Recorded data ▸
******************************

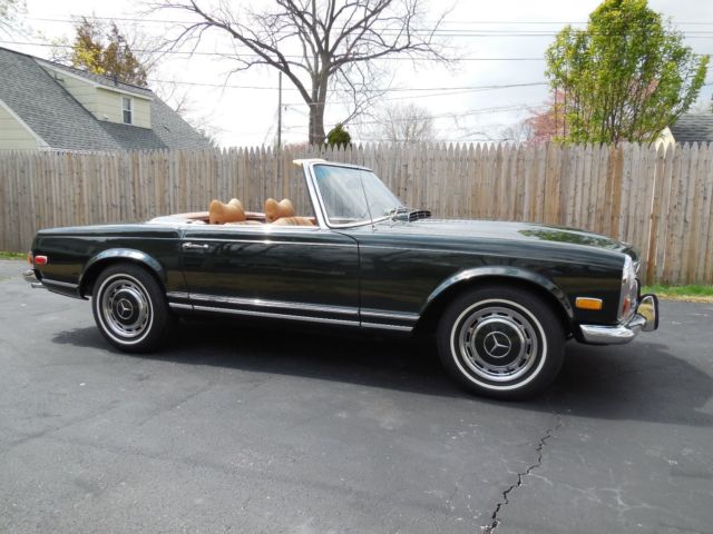 1971 MERCEDES BENZ 280 SL 2nd OWNER, 52,900 ORIG. Miles Moss Dark Green MB # 291. Interior is TAN MB Cognac Leather. Refinished about 12 years ago in ORIG. Glasurit paint, all trim removed, completed by MB body shop. NEW replaced parts in recent years MB OEM PARTS, Brake pads, all, master cyl. all rubber hoses. SYN brake fluid. MB AC compressor, conv. to 134 Freon. complete rear axel seals (inner & outer) New Michlein Tires. all filters. Leather seats & rugs. Original Radio and all controls in working order. Original spare tire, tool kit, jac, top handles, green soft top, and all the original books. I have owned this car for many years, It drives perfect, the only thing that it needs to be 100% is a new soft top. (original back window is fine but the Canvass shows age and some wear spots. Hard top is EXC. Orig. wood trim. Trans. has been flushed & filter replaced. Stored in a heated garage for most of its life. Drives & rides tight as a drum. Just a beautiful all around car. Used only on nice weekends. E mail with any Questions. Welcome to come see it. Reserve is reasonable. PRIVATE SELLER.18 miles from Philadelphia. Pa. MILES are 100% ORIGINAL !!!!On Jan-06-17 at 16:57:11 PST, seller added the following information: Soft top assembly is out of car. I was going to replace canvass, but TAN, or GREEN was not available at the time. I wanted TAN to match the interior. Mercedes dealer said that TAN would have been an option when ordered. Shop doing the top wanted FRAME separate to disassemble. Did not reinstall. Top is not DISASEMBLED. Car cover also goes with car. Bank transfer is also accepted for balance.
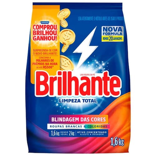 Sabão em Pó Brilhante Roupas Brancas e Coloridas Blindagem das Cores - 1,6 kg limpa as roupas brancas e coloridas enquanto cuida das cores.
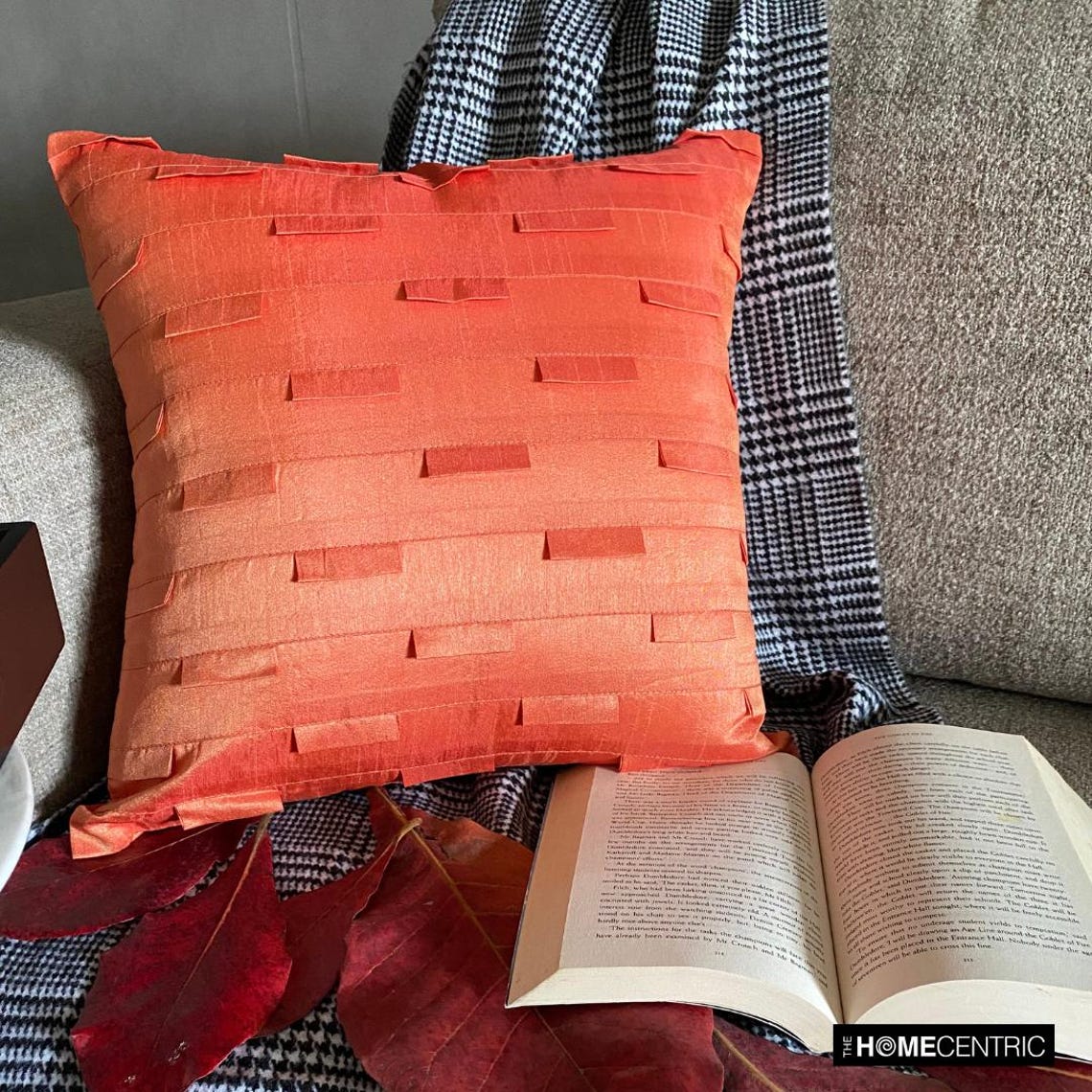 Meticulously designed, The HomeCentric features decorative throw pillow covers for your sofa, bed, or study. This square pillow cover is 100% handcrafted by Indian artisans. The work of pintucks in striped pattern reflects modern style for premium home décor. To enhance the appeal of this pillowcase, embellishments form an enticing pattern on each stripe of pintucks. | To suit the different themes of your interior, this design of square pillow cover is available in an array of colors and sizes. Made from suede, the texture complements and elegantly highlights each detail of this pillow cover. You can also team solid color cushions with this design to give a new feel to the ambiance. |
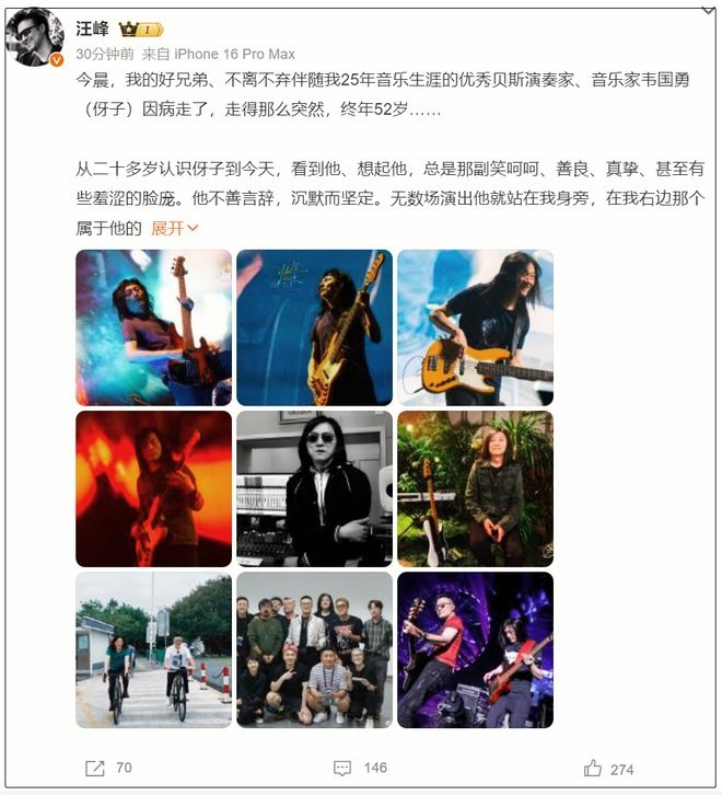 汪峰工作室之后亦有发文:“我们怀着无比沈痛的心情,与汪峰先生一同送别我们最亲密的战友、家人般的伙伴——韦国勇(伢子)先生。 25载风雨同路,舞台右侧沈静专注的身影、温暖羞涩的笑容,已成为我们共同记忆中最珍贵的定格。 愿天堂的舞台,仍有你长发飘飘、帅气笑颜,并自由地弹拨着你最心爱的贝斯......“。
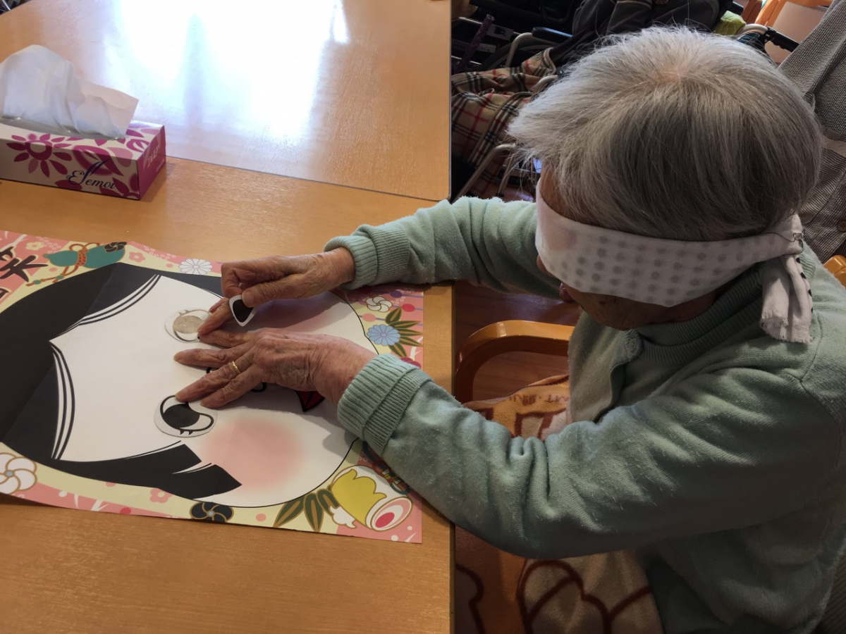 目隠しして福笑いです。

******************************

Exercise brief ▸
Output the entries exactly as they appear, with no pictures included.

Final answer ▸
 1971 MERCEDES BENZ 280 SL 2nd OWNER, 52,900 ORIG. Miles Moss Dark Green MB # 291. Interior is TAN MB Cognac Leather. Refinished about 12 years ago in ORIG. Glasurit paint, all trim removed, completed by MB body shop. NEW replaced parts in recent years MB OEM PARTS, Brake pads, all, master cyl. all rubber hoses. SYN brake fluid. MB AC compressor, conv. to 134 Freon. complete rear axel seals (inner & outer) New Michlein Tires. all filters. Leather seats & rugs. Original Radio and all controls in working order. Original spare tire, tool kit, jac, top handles, green soft top, and all the original books. I have owned this car for many years, It drives perfect, the only thing that it needs to be 100% is a new soft top. (original back window is fine but the Canvass shows age and some wear spots. Hard top is EXC. Orig. wood trim. Trans. has been flushed & filter replaced. Stored in a heated garage for most of its life. Drives & rides tight as a drum. Just a beautiful all around car. Used only on nice weekends. E mail with any Questions. Welcome to come see it. Reserve is reasonable. PRIVATE SELLER.18 miles from Philadelphia. Pa. MILES are 100% ORIGINAL !!!!On Jan-06-17 at 16:57:11 PST, seller added the following information: Soft top assembly is out of car. I was going to replace canvass, but TAN, or GREEN was not available at the time. I wanted TAN to match the interior. Mercedes dealer said that TAN would have been an option when ordered. Shop doing the top wanted FRAME separate to disassemble. Did not reinstall. Top is not DISASEMBLED. Car cover also goes with car. Bank transfer is also accepted for balance.
 Sabão em Pó Brilhante Roupas Brancas e Coloridas Blindagem das Cores - 1,6 kg limpa as roupas brancas e coloridas enquanto cuida das cores.
 Meticulously designed, The HomeCentric features decorative throw pillow covers for your sofa, bed, or study. This square pillow cover is 100% handcrafted by Indian artisans. The work of pintucks in striped pattern reflects modern style for premium home décor. To enhance the appeal of this pillowcase, embellishments form an enticing pattern on each stripe of pintucks. | To suit the different themes of your interior, this design of square pillow cover is available in an array of colors and sizes. Made from suede, the texture complements and elegantly highlights each detail of this pillow cover. You can also team solid color cushions with this design to give a new feel to the ambiance. |
 汪峰工作室之后亦有发文:“我们怀着无比沈痛的心情,与汪峰先生一同送别我们最亲密的战友、家人般的伙伴——韦国勇(伢子)先生。 25载风雨同路,舞台右侧沈静专注的身影、温暖羞涩的笑容,已成为我们共同记忆中最珍贵的定格。 愿天堂的舞台,仍有你长发飘飘、帅气笑颜,并自由地弹拨着你最心爱的贝斯......“。
 目隠しして福笑いです。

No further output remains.